And then, in the biting grim misery of it all, he thought of Lillian, his breezy, blonde, bad-news, mistress – swaddled in god-knows whatever it was she wore for him in that warm, seductive, room above the harbour. Underneath the soft, lurid, femininity there was something of the wildebeest at a barbecue about Lillian. In other words you expected her to be on the flames, not fanning them. She was the sort of woman hungry men, with appetites untainted by nicety, drooled for. She was, through her wiles and ways, Kenny’s ruin.

A flurry of snow, mixed with rain and sleet, whipped across the pitch and the referee was glad to blow the final whistle on a match that once again confirmed Black Anchor’s unassailable position at the bottom of the regional Saturday league. The visiting team from the south of the county raised three cheers for their defeated opponents who replied with a murmur which disappeared on the unrelenting wind.

Mark Dudderidge, the other Black Anchor forward, loped across with his long, thin, pale body looking all too fragile for such cold. Referring to the last-minute penalty disaster, he asked his striking partner: “What the fuck was that?”

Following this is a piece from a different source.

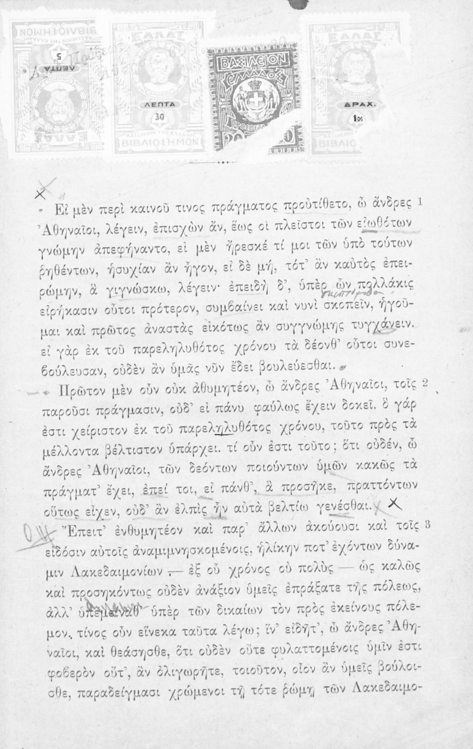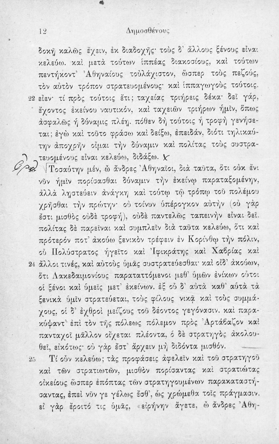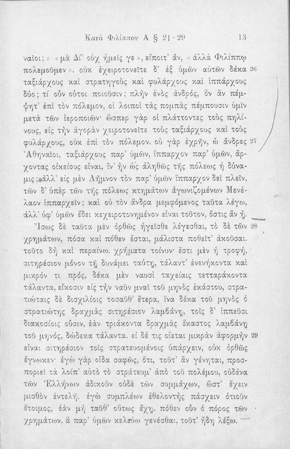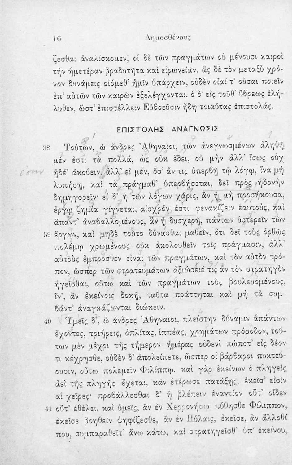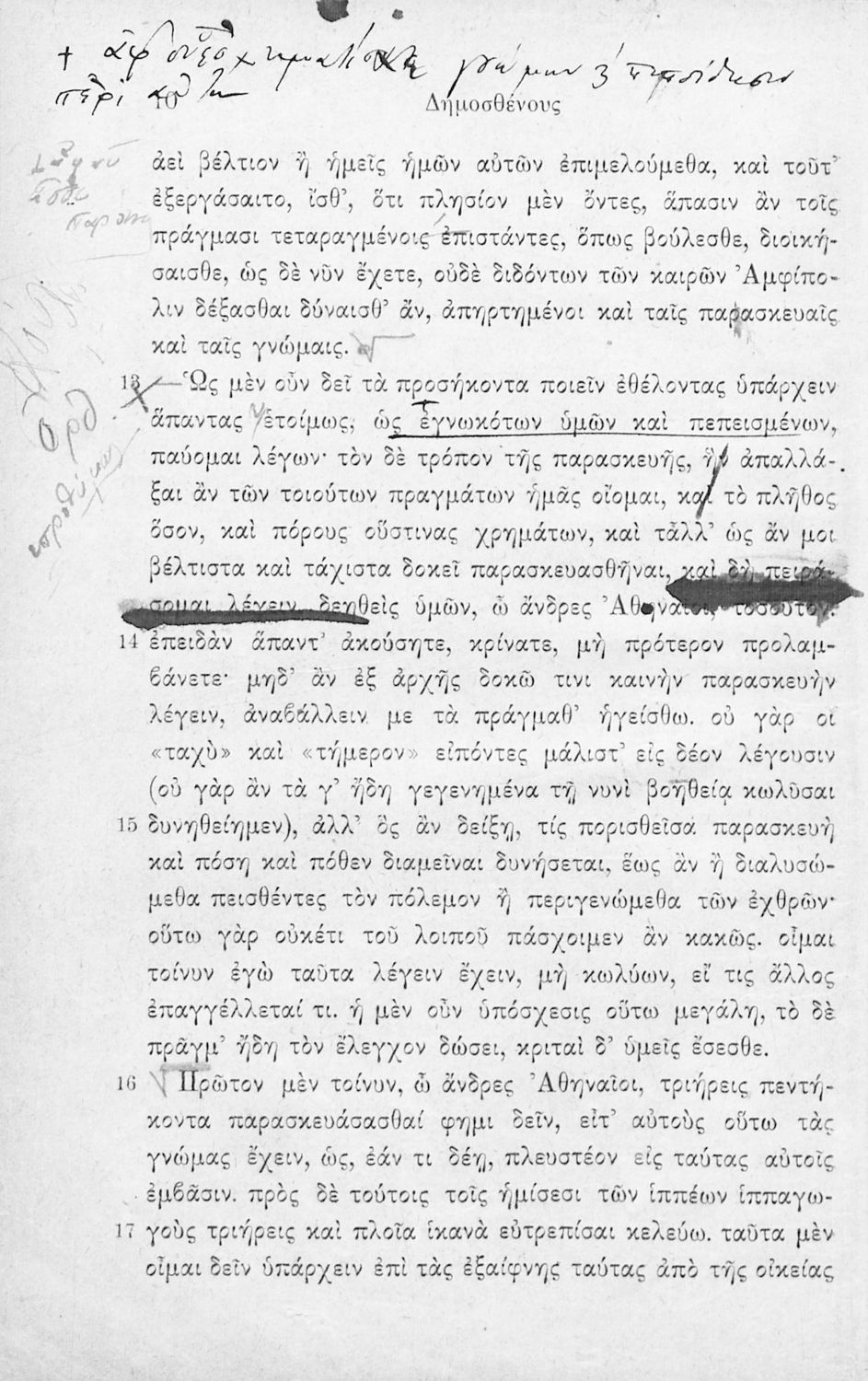 Σχολικό εγχειρίδιο Αρχαίων Ελληνικών Γ΄ Γυμνασίου που περιλαμβάνει τον Λόγο του Δημοσθένη Α΄ κατά Φιλίππου, εισαγωγικά σχόλια στο έργο και τη ζωή του, ερμηνευτικά και γραμματικά σχόλια και παρατηρήσεις.

Kenny wanted to growl something about the wind taking the ball, but instead he looked down at the bald clay of the penalty spot, inches from his nose, and said to those close enough to catch his words in the salty gale: “That’s it for me, Mark. I’m quitting.”

With that he got up and marched away past the corner flag over to the small rubbish-filled, dog-crap-strewn path which led down to the town, and was gone from the field of defeat in a flurry of sleet.

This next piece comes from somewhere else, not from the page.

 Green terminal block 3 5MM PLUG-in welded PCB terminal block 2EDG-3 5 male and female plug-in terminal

“Where’s he going?” shouted a rotund, trilby-hatted, Crombie-coated man from the touch-line in front of the small pavilion.

Walking towards him Ben Larviscombe shrugged: “Gone to drink himself stupid with that tart of his…”

“Ain’t he even having a shower? For fuck’s sake – what’s happening to this team,” wailed manager.

In the near silent home-side dressing room, every player knew that this grey cold December afternoon represented the nadir, the filthy gulch, in annals of something which they all held dear to their rugged, working-class hearts. Black Anchor United Amateur Football Club… For 108 years, soccer had been played out here on the cliffs above the grey-blue rock-cluttered bay where the second biggest tide-fall in the world did its best to wreak ruin upon the Westcountry coast, and never before had the men of the seaside town produced for their community such a sorry state of affairs in league and cup results. The team had been ousted from two cup competitions at the beginning of the autumn, and now it looked as if their midwinter, January attachment to the bottom of the league was unavoidably permanent. Meaning that Black Anchor First Eleven, for the first time ever, would suffer the indignity and shame of relegation to the lower divisions where normally only reserve sides toiled alongside small teams from small villages, with the depressed sense of the second-rate.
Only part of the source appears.